In the time Sam Brownback was our senator, and later governor, I’ve been to dozens of his speeches. But I never saw him deliver a sermon before. 

I did Friday, at the Wichita Pachyderm Club. 

Brownback’s a bit older, grayer and more contemplative (so am I, so I don’t hold that against him) than he was the last time I saw him, while he was still entangled in the hurly-burly of state politics. 

He left Kansas in 2018 to serve in the Trump administration as ambassador at large for international religious freedom, and last year formed a religious/political organization called the National Committee for Religious Freedom. 

His theme Friday was that western civilization is at a crisis of confidence in itself, and that we need to recover our Judeo-Christian mojo or something bad is going to happen to the whole world. 

You’ll get no significant argument from me there, although I would include other faiths in the solution. 

And he said that loss of confidence can go one of three ways: a revival of the spirit on which this country was founded, replacement of that spirit with a new and equally powerful paradigm, or our decline as a world power. 

Again, so far, so good. 

And he said there’s an “axis of evil” at work to bring us down, led by the Chinese Communist Party, the government of Iran and their client terrorists in Hamas, Hezbollah and the Taliban. 
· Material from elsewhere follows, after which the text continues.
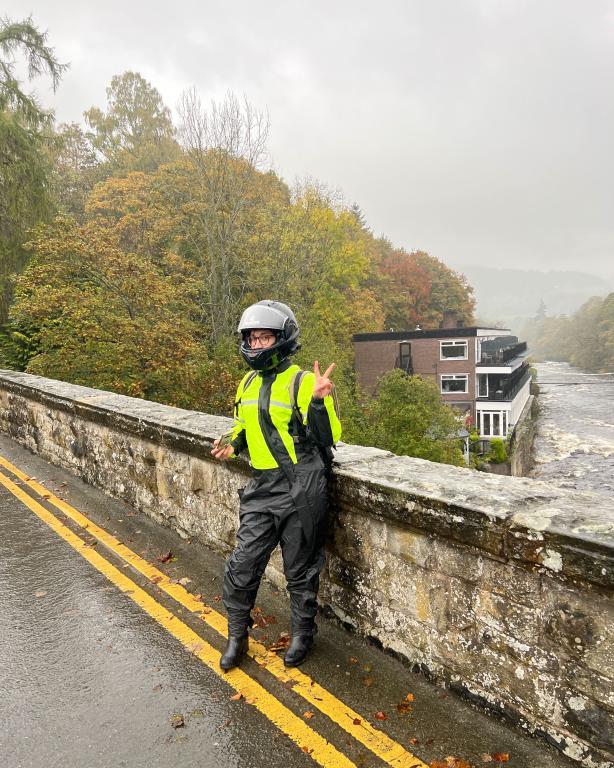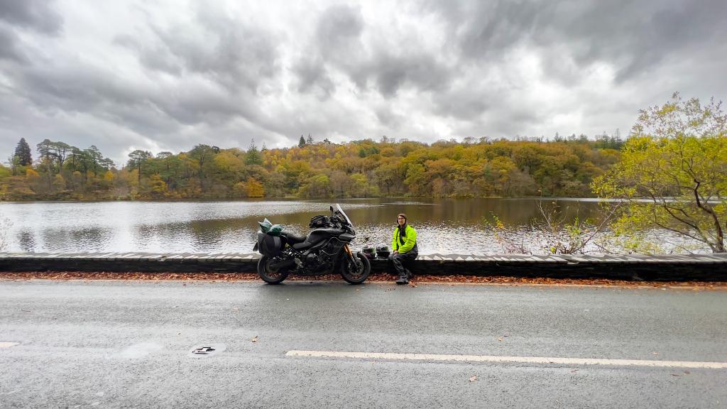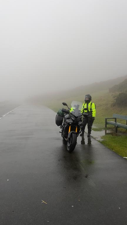 As we got closer to the viewpoint, the fog became thicker and thicker. There was also some rain, but very thin, just enough to fall through the dense fog. Riding in these conditions was unsafe; I turned the indicators on and rode slower than usual. After ten minutes in this fog, I couldn’t see in front of me for 100 yards. We had to stop. We were cold but not wet; the rainproofs kept the water out. There was a good investment if you ask me. Not the prettiest to wear, but it is the dryest of all other options.

Yep, those are some bad dudes. 

And he said that Christians and Jews need to come together and provide leadership in the western world, as they have for hundreds of years, not always perfectly, but at least faithfully. 

Again, I’d agree. 

But the message veered hard off the rails when Brownback offered fighting transgenderism as his first concrete example of what to do to re-energize religion and our country. 
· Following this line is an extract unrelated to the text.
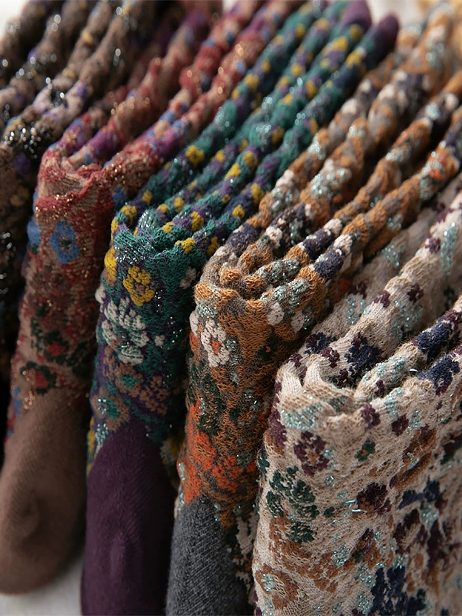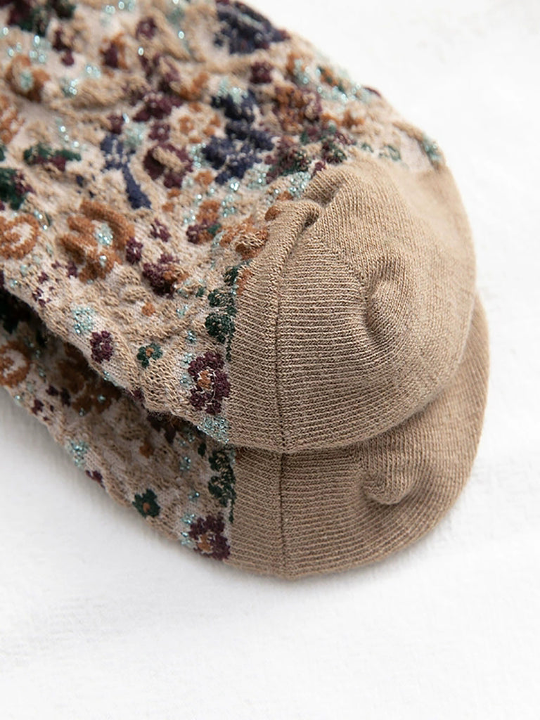 5 paar dames wintersokken met bloemenprint en middelhoge hak

“We’re now confusing what a man and a woman is?” Brownback asked, to scattered laughs from the Pachyderms. “How many sermons have you heard on that topic?” 

“Not a lot,” remarked a woman sitting near me. 

“I can’t think of a one I’ve heard,” Brownback continued. “I’m hopeful and I’m sure someone has spoken on it, but you’ve got a culture that’s debating what a man and a woman is and the church is silent on it?” 

For someone who’s been an international ambassador on this subject, I’d respectfully suggest that Brownback maybe needs to get out a little more often. 

Who’s silent? Whether to fully include LGBTQ people in the life of the church is probably the most explosive issue in Christendom and has been discussed and sermonized about ad nauseum across denominations. 

The denomination to which I belong, the United Methodist Church, was literally torn in two last year over the issue of human sexuality. People of faith can and did read the Scripture, prayerfully consider it and came to completely different conclusions. 

As a result, where there was one denomination, there are now two: the remaining United Methodist Church, which is moving toward full LGBTQ inclusion, and a new and completely separate Global Methodist Church, moving the opposite direction.